Anyway, if that’s not the future, what is? I think we got a few glimpses of it in this last decade. The internet was at its best when it put you in contact with people outside your social circle. I’ve got whole extended found family in Seattle thanks to cheap and easy instant messaging. Anything that stretches the boundaries of your social skills is going to be crucial. It’ll take breaking some rules. Look at that facebook friends list for example. What if you sent any of those friends a message? Or hit that video call button by mistake? Think of how that would change your day. We’ve been duped into thinking that maintaining all these acquaintances is friendship, but there is no real maintaining going on. Only 10% of those contacts post regularly anyway.

The way we relate to ourselves and each other is going to change a lot in this decade. New conflicts are going to erupt. Others are going to be resolved. This is not some half-hearted call for a return to civility. The concept of respect itself is going to be redefined. We cannot simply defer to some abstract idea of objectivity. In the past this was the person in the room who talked the whitest and malest. Marginalized voices will be crucial to this change. Facts may not care about your feelings, but feelings are also facts. There will perspective taking, but also boundaries drawn. I know I’m speaking in vague soothsaying generalities, but we are dealing in the ugly, exciting, and unpredictable world of human contact. Where we are going, we don’t need roads.
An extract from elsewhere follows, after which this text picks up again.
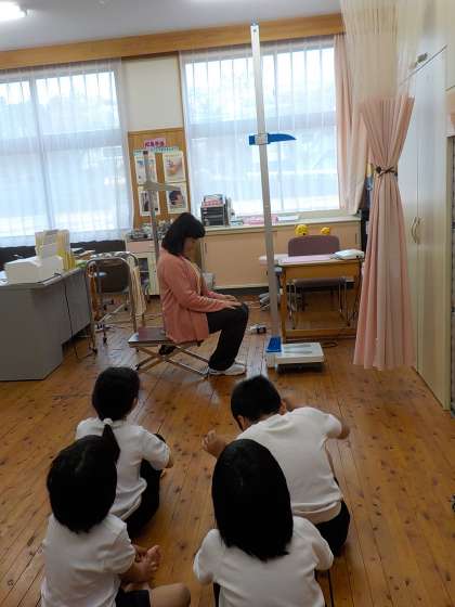 保健室で身体計測を行いました。お話をしっかり聞いて,身長と体重,座高を測ることができました。

And what does that mean for me? 40-year-old James Strocel with his job, family, and mortgage to pay down? At the beginning of the decade, I was having lunch with more people. I’d like to do that again. I want to stop being so precious about my writing. Get out there, say stupid stuff, and pay the price in my twitter mentions. I understand the economics of those platforms, and what they are doing to society, but right now, it’s where the people are. If I’m lucky, I’ll be able to talk to more people regularly via text message or signal, my paranoid secure instant messenger of choice. Lots of times I send out texts and get no response other than existential dread in return. I think it means I need to send more memes. It’s going to be a lot of cancelled plans and awkward silences, but I think this is the direction I want to grow. It’s a direction that fills me with that nervous excitement that I felt before, so long ago. It is the future.